As they came out of the practice room, Alan Troy called, “What is it, Carl? What’s going on?” But Sutherland ignored him, leading Cardinal and Delorme to a cramped office in the back. Almost buried among stacks of invoices, a computer screen glowed with columns of numbers. Sutherland sat down and typed in a couple of commands. The screen went dark except for the cursor pulsing in the top left corner.

“You have the date?” he asked without looking at them. “The date the girl disappeared?”

“September twelfth, last year. She bought the charm two days before.”

“Fine. Now I need the item number.” He consulted a printout the size of a telephone book, flipping through the double-sized pages until he found what he wanted. He typed in the number. “This should tell us how many we sold in the past year.” He drummed his fingers on the desk as he waited. “Seven. Okaaay …” He typed in another command, the monthly breakdown.
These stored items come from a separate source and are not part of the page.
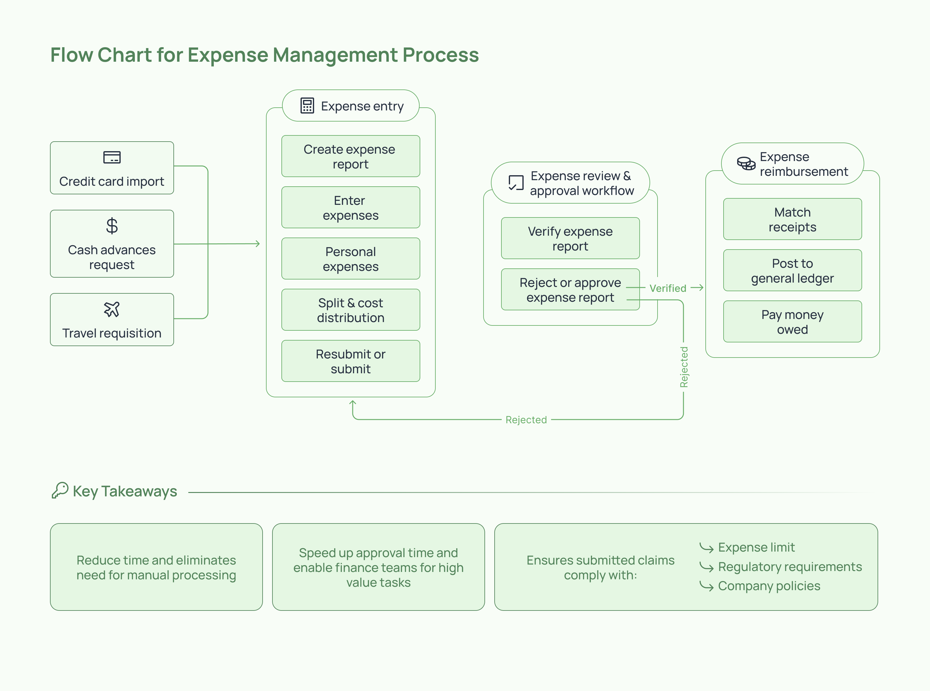 - Automated expense categorization across corporate cards, travel bookings, and reimbursements
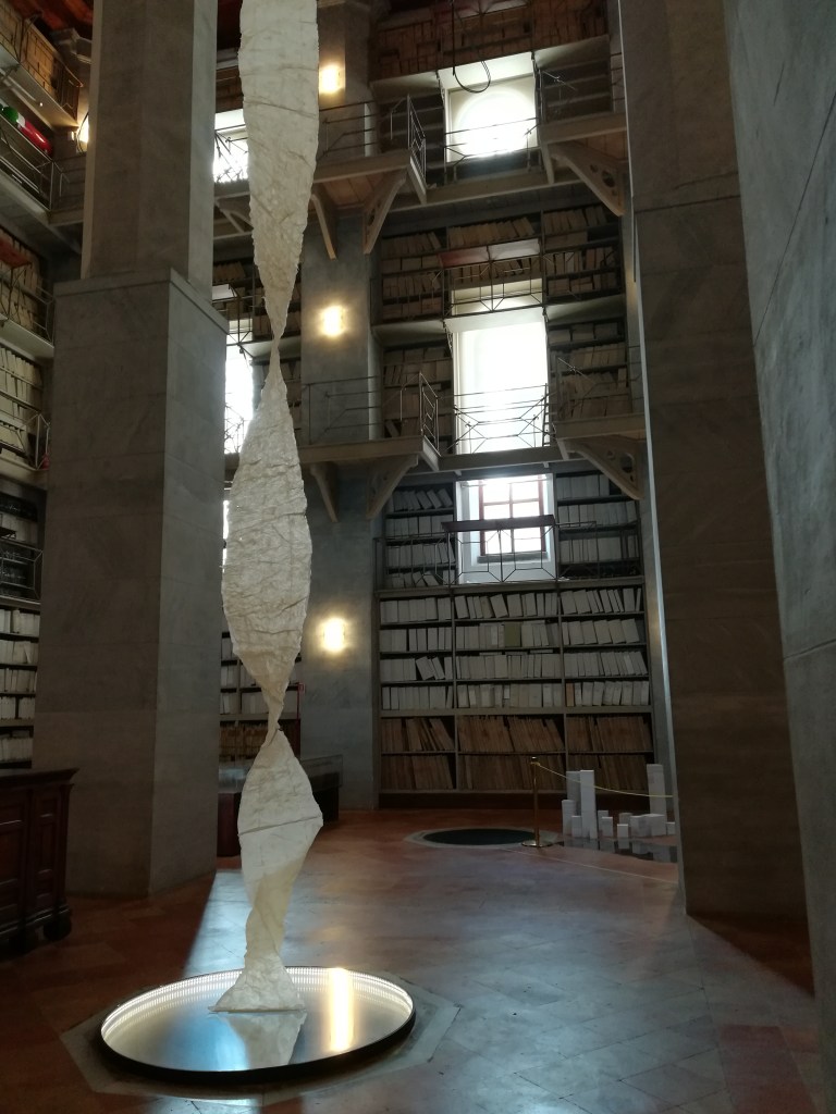 Avvitandosi su se stessa un’elica grezza scende dall’alto soffitto per appoggiarsi su di un piano riflettente lasciando trasparire i suoi naturali spessori alla luce naturale. Questa è la memoria, fatta di carta, custode dei documenti che attestano le nostre origini, e che prende la forma del DNA, caratteristica identitaria per eccellenza. Attraverso materiali che ricordano l’arte povera di Pistoletto e Merz, ogni istallazione trasmette un altissimo valore concettuale.
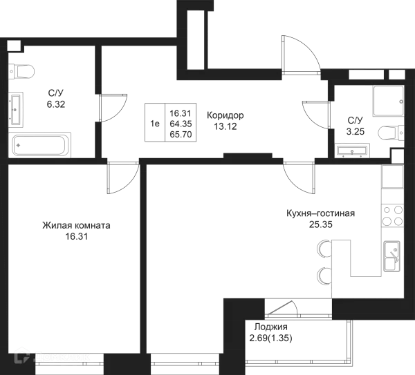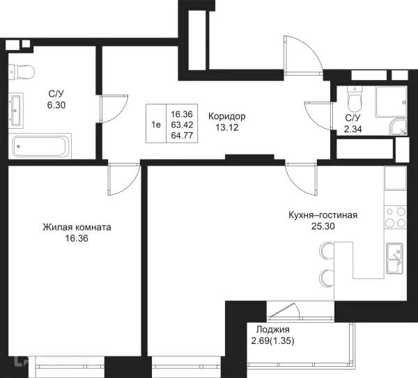 1 комн. квартира в Казане в ипотеку от 103 795 руб/месяц
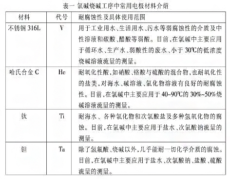 電磁流量計的測量電極是與工藝介質(zhì)直接接觸的**金屬材料,其作用是與導(dǎo)線連接將測量管中產(chǎn)生的微弱感應(yīng)電動勢傳輸?shù)睫D(zhuǎn)換器中的檢測單元。由于電磁流量計的電極部分處于工作磁場中,為防止磁力線在電極上集中,電極材料必須使用非導(dǎo)磁的金屬材料;并根據(jù)工況介質(zhì)對金屬材料的腐蝕速率(mm)a,即毎年被腐蝕掉的金屬厚度)來確定不同的工況介質(zhì)選擇不同的金屬材料。下面通過圖表一的方式介紹在氯堿燒堿工序中常用的幾種電極材料及其使用范圍。

“September tenth.” Delorme pointed at the screen. “Two days before.”

Sutherland moved the mouse and clicked. The screen filled up with a copy of the register receipt. He tapped the long fingernail of his right hand on the upper right corner. “You see that number three? That’s the salesperson. One is Alan, two is me, three is Eric.”

“Eric who?”

“Eric our part-timer. Eric Fraser. Mostly he helps with the stock, but busy times—lunch hours, after-school rush—he helps with the cash too. If you look at the top left there, you can see the time of the transaction: four-thirty p.m. If you look at our calendar, it’s going to show you I was teaching a lesson at that time. I think you want to talk to Eric Fraser.”

“Mr. Sutherland, is there anything around here that Mr. Fraser touched recently? Something nobody else touched?”

Sutherland thought for a minute. “Follow me.”

Alan Troy dodged around Collingwood, finger jabbing the air, demanding to know what was going on. Sutherland cut him off. “Alan, did Eric polish the Martins yesterday?”

“I’m calling the chief of police on this. My employees do not get treated in this way. These people have to—”

“Alan, for Chrissake, just tell them. Did Eric polish the Martins yesterday?”

“The Martins?” Troy squinted first at Sutherland, then at Delorme, then at Cardinal and back to Sutherland. “You want to know if Eric polished the Martins. Suddenly the urgent question of the moment is, did Eric Fraser polish the Martins? All right then, yes, Eric did polish the Martins.”

Cardinal asked if anyone else had touched the guitars. No. Business had been slow, Martins are expensive, no one had touched them.

Cardinal, still wearing his gloves, reached up for the guitar hanging against the wall. “He’d have to hold it at the bottom to put it back up there, right?”